Fig. 2. MD simulations predict that the intrinsically disordered region (IDR) in the juxtamembrane linker of syt1 mediates liquid-liquid phase separation (LLPS).

Fig. 2

a Analysis using the VL-XT algorithm and PONDR software reveals that the segment comprising of residues 83–133 in the juxtamembrane linker of syt1 has a high probability (>0.5) of being disordered. b Left: MD simulation of droplet formation and stabilization by the isolated syt1 (80–142) juxtamembrane linker. Right: The droplet remains intact after 5 µs of simulation. All molecules stay in the dense phase with little branching in the system. c Left: Same as b Left but for the isolated syt1 (80 JuxtaK-142) mutant linker. Right: The droplet does not retain its shape and dissolves within 5 μs of the simulation protocol. Scale bars, 4 nm. (See Supplementary Movies 1, 2 for the movies). d Distribution of the gain/loss in the number of contacts (ΔQ) between copies of either the WT or JuxtaK mutant linker. The lysine substitutions shifted the distribution to the left, indicating a loss in the number of pairwise contacts compared to the same number of isolated chains.
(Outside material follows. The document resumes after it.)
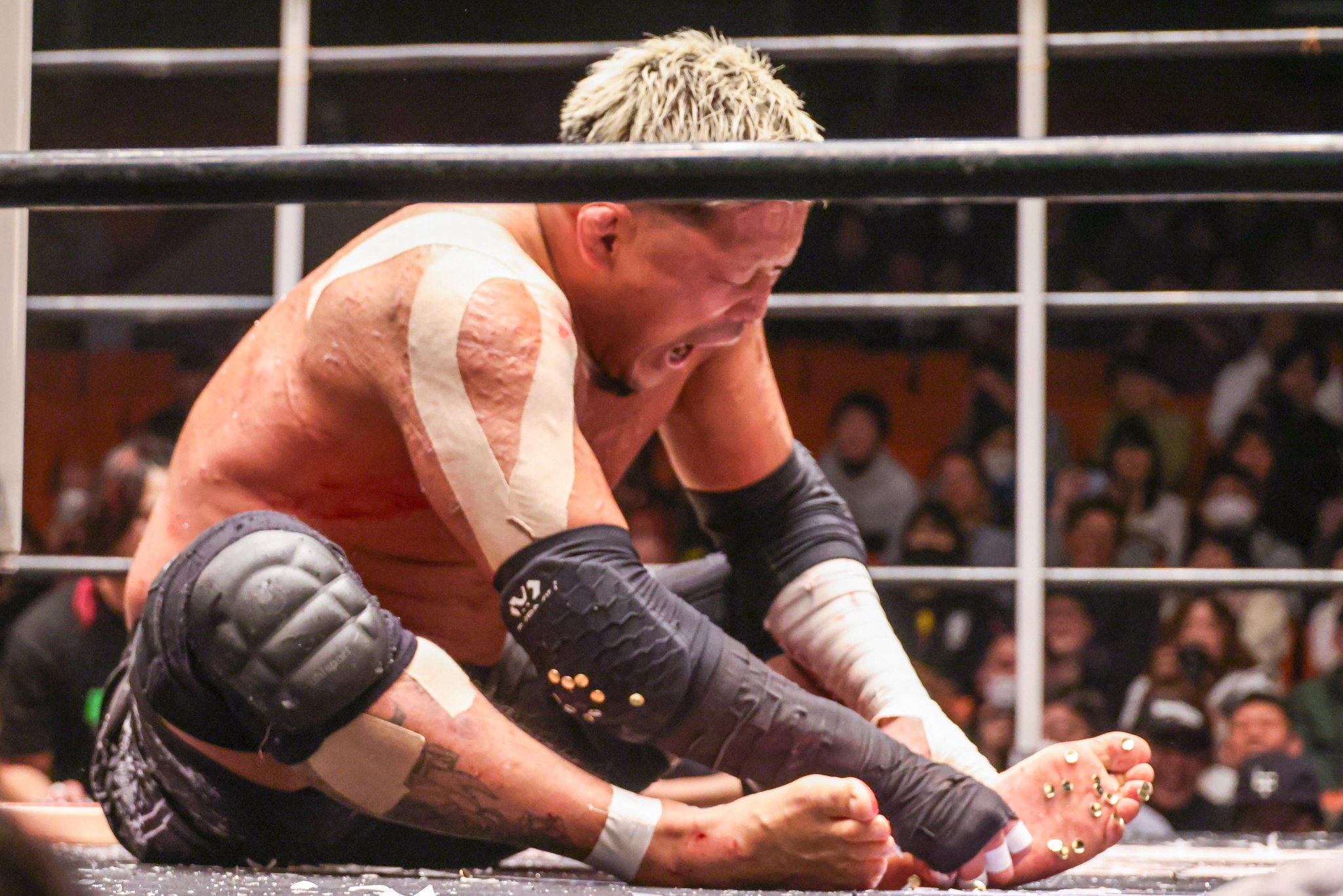 It wasn’t just the lack of appropriate footwear that made this match shine, though. There was some proper sicko deathmatch shit in here, from Takeda being balanced on the top of his head in a box of tacks to Ueki wrestling a decent chunk of the action with a bunch stuck in the side of his face, having lodged themselves in there when Takeda repeatedly drove him into them. There is often a feeling that deathmatches have to go bigger and scarier to achieve the shock and awe that they once got easily, but I don’t think that’s ever been the case. Yes, diving from a scaffold through a web of barbed wire into a thousand panes of glass will always get some attention, but the great stuff is built on a streak of invention. It’s what Takeda and Ueki brought here, and it created a series of visuals that stuck with me long after the match was over. I’m far from a deathmatch expert, preferring to dip my toes in here and there, but this is the kind of stuff I want to see, and I had an absolute blast with it.

In panels b and c, the color code for the amino acid residues is as follows: blue, positive charge; red, negative charge; yellow, non-polar; green, polar. An explicit solvent coarse-grained molecular dynamics simulation with a reparametrized MARTINI v3.0 force field was used in this analysis. The ionic strength of the buffer was 100 mM NaCl. Each MD simulation is a result of n = 2 trajectories. Source data are provided as a Source Data file.